Accordingly, the DPDT switch 300 remains in default or first state
until placement of an earbud causes the sensor to 112 to trigger
automatic channelization to account for a right earbud being in a
left ear, and vice-versa, for instance. Once the sensor 112 detects
a tragus (or antitragus, depending on configuration) a signal is
generated by the same to trigger the DPDT switch 300 into a
switched or second state. Thus, automatic channelization results as
the right audio channel is switched to the left earbud 110 and the
left audio channel is switched to the right earbud 108. As will be
appreciated in light of this disclosure that other circuits can be
utilized to perform switching operations disclosed herein, and that
this disclosure is not limited in this regard.
[0028] Further note that the switching arrangement 300 may be
implemented with latching capability, such that power is not
required to hold the switch in either the first or second states.

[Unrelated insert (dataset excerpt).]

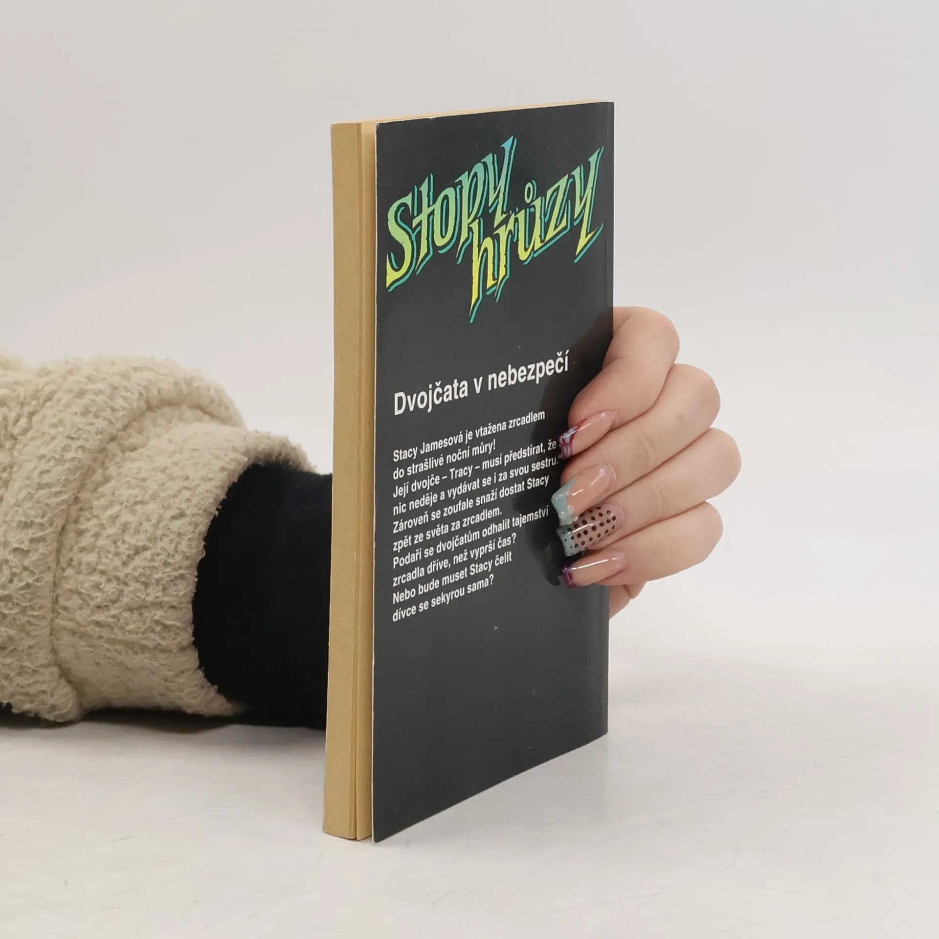Stacy Jamesová je vtažena zrcadlem do strašlivé noční můry! Její dvojče – Tracy – musí předstírat, že se nic neděje a vydávat se i za svou sestru. Zároveň se zoufale snaží dostat Stacy zpět ze světa za zrcadlem. Podaří se dvojčatům odhalit tajemství zrcadla dříve, než vyprší čas? Nebo bude muset Stacy čelit dívce se sekyrou sama?

For instance, a magnetic field can be used to latch the switch 300
into a state or position after the circuit is energized by the
sensor 112 output. Alternatively, in other embodiments, one state
of the switch 300 may be held without power consumption (e.g.,
default state) while the other state is held when the switch is
energized or otherwise consuming power (e.g., switched state). As
will be further appreciated in light of this disclosure, the degree
to which the switch 300 is energized and consuming power can vary
from one embodiment to the next, and will depend on factors such as
the availability of renewable or scavengable power, the impact on
power consumption, expected use-time between charges of media
device employing the earbuds, and the desired cost of switch
300.
[0029] Methodology
[0030] FIG. 4 illustrates an example methodology 400 for detecting
whether an earphone is in a right or left ear and channelizing an
audio signal accordingly, in accordance with an embodiment of the
present disclosure. The method may be implemented, for example, by
the channelization circuit 106 of FIG. 1 implemented in the right
or left earbud 108 and 110. However, the functionalities provided
herein can be carried out in a distributed nature as well, if so
desired. For example, some functions can be carried out by hardware
within one or both earbuds and/or in housing along a cord.
Likewise, while some specific examples include switching logic in
specific a DPDT switch configuration, other hardware components in
various combinations may be utilized to perform channelization
routines variously described herein. Numerous other configurations
will be apparent in light of this disclosure. The method begins in
act 402.
[0031] As can be seen, the method 400 includes inserting earbuds
404 into a right and left ear. As discussed with reference to FIG.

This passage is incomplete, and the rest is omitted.